• _Extracted data_:
● ● ● ●

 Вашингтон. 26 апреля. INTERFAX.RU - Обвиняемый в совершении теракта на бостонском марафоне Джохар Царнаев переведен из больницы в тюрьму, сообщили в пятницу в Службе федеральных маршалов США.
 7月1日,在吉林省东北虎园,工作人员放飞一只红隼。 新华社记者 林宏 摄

● ● ● ●

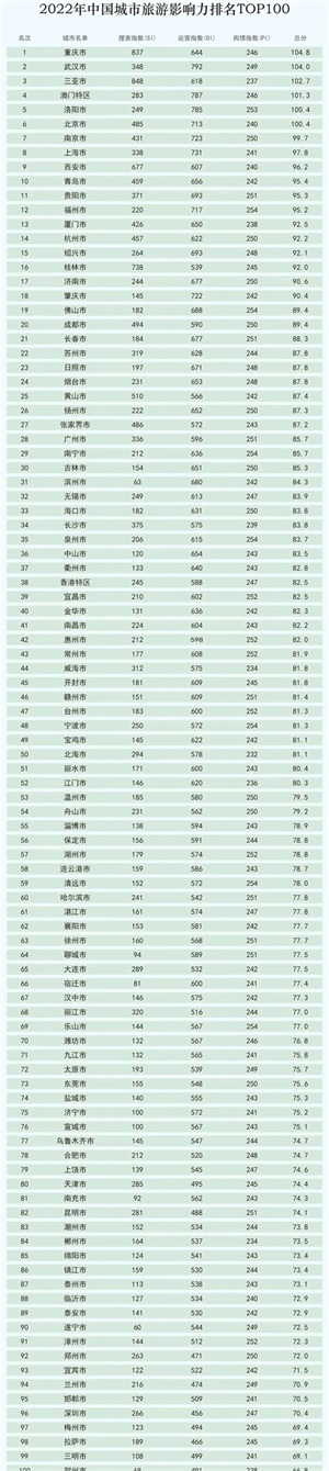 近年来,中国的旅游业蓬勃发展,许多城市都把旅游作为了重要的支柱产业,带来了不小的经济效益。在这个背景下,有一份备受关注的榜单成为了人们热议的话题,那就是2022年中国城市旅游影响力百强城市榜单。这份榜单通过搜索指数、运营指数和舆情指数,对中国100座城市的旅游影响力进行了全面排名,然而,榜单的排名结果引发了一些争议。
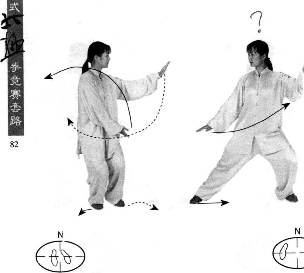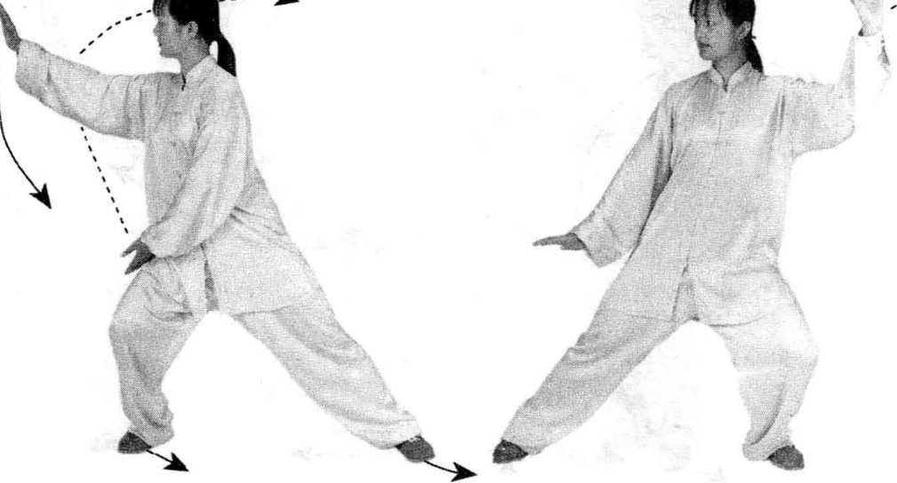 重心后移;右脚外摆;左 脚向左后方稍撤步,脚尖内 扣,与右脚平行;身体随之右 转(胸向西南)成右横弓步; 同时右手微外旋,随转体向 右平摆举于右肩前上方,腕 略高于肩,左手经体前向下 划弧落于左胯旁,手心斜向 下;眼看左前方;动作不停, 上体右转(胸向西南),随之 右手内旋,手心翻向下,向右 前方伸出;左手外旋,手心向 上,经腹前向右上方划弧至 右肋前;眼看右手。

● ● ● ●

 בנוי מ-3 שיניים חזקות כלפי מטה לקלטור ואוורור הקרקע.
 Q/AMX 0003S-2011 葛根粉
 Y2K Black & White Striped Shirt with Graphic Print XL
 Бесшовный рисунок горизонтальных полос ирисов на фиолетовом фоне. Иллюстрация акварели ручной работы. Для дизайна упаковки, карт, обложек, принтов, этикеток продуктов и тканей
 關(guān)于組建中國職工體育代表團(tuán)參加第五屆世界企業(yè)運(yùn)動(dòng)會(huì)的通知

● ● ● ●

• _Exercise details_: Only the lines above starting at the line that holds "Q/AMX 0003S-2011 葛根粉" and ending at the line that holds "關(guān)于組建中國職工" are to be repeated, exactly and in full.

• _Exercise solution_:
 Q/AMX 0003S-2011 葛根粉
 Y2K Black & White Striped Shirt with Graphic Print XL
 Бесшовный рисунок горизонтальных полос ирисов на фиолетовом фоне. Иллюстрация акварели ручной работы. Для дизайна упаковки, карт, обложек, принтов, этикеток продуктов и тканей
 關(guān)于組建中國職工體育代表團(tuán)參加第五屆世界企業(yè)運(yùn)動(dòng)會(huì)的通知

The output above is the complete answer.